Willem Verstegen was born around 1612 in Vlissingen, Netherlands. In 1629, he completed his apprenticeship, and following a short stay in Batavia, he was sent to Japan in 1632. There he was first employed at the factory (trading post) in Firando (present-day Hirado, Nagasaki). In 1633, he became factor and was assigned to Dejima, where he met several other Hollanders who were survivors of the shipwrecked galleon De Liefde. They had remained there since 1609 and were trading independently. The most prominent among them was Melchior van Santvoort, who had married a Japanese woman and with whom he begot a daughter. Not long after arriving in Dejima, Verstegen asked Santvoort's daughter to marry him.

In 1635, he was appointed to the position of trader. On December 7 of that year, Verstegen wrote to Governor Antonie van Diemen that he had learned of some Japan's islands (at around the 37th parallel north) where almost everything was made of gold and silver. This report of the gold and silver islands so captured their imagination that two expeditions were later outfitted in order to find the islands.

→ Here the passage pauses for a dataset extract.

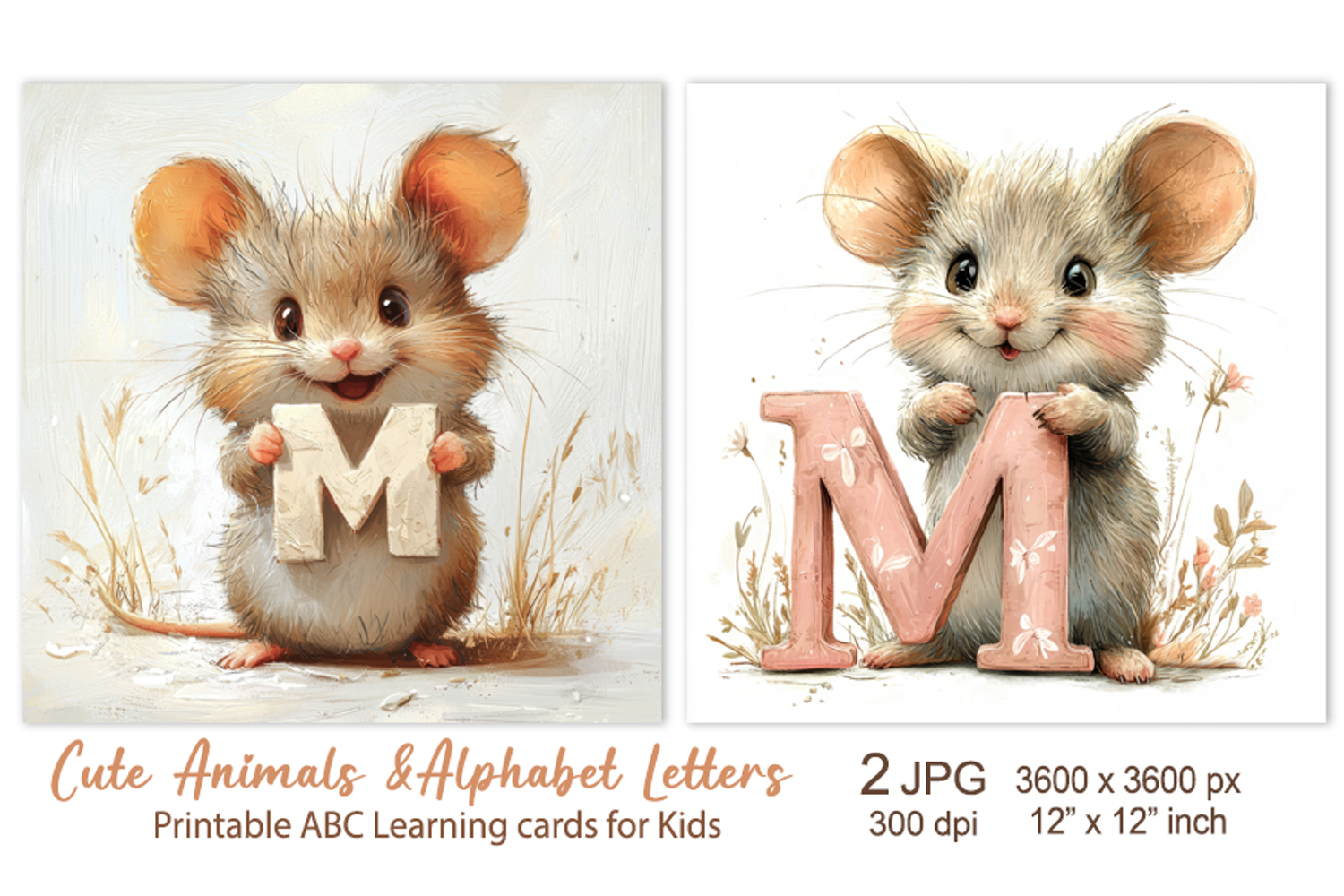 Cute Mouse, Cat Animal Alphabet Letters, ABC Printable card
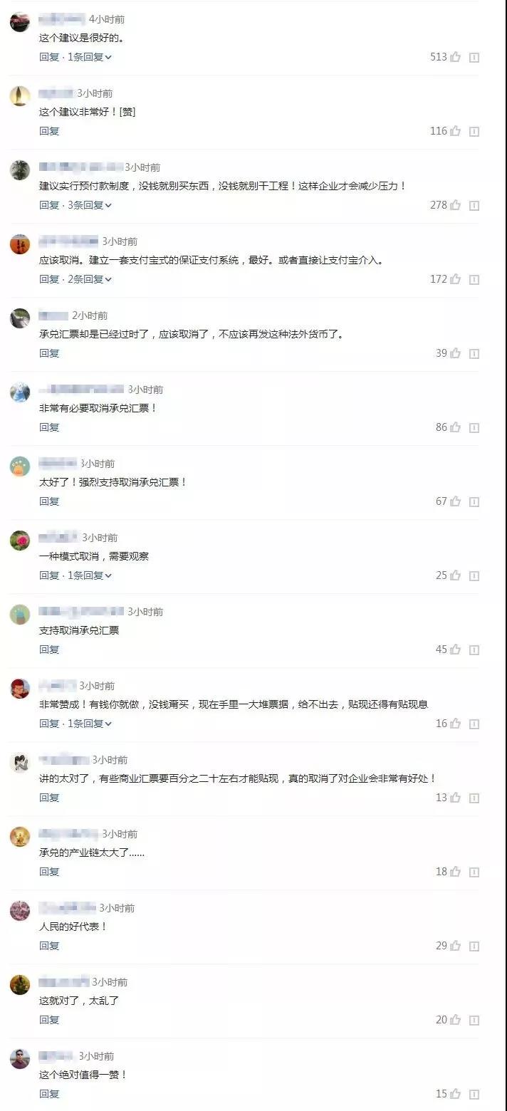 如何取消,刘学敏也在自己提交的建议中给了意见,她说,可分步实施,首先,停止增发新的承兑汇票;其次,对现有流通的汇票持有至到期后不再继续开具。

In 1639, all Japanese wives with European husbands were ordered by the shōgun to leave the country along with their children. So, Willem Verstegen married Santvoort's daughter on Formosa on their way to Batavia. After their arrival, an expedition under command of Matthijs Quast was outfitted to search the gold and silver islands, but was unsuccessful and abandoned the search. A second expedition led by Maarten Gerritsz Vries and Hendrick Cornelisz Schaep departed in 1643. Schaep and nine of his crew were taken prisoner in Yamada when they tried to supply their ship with fresh water.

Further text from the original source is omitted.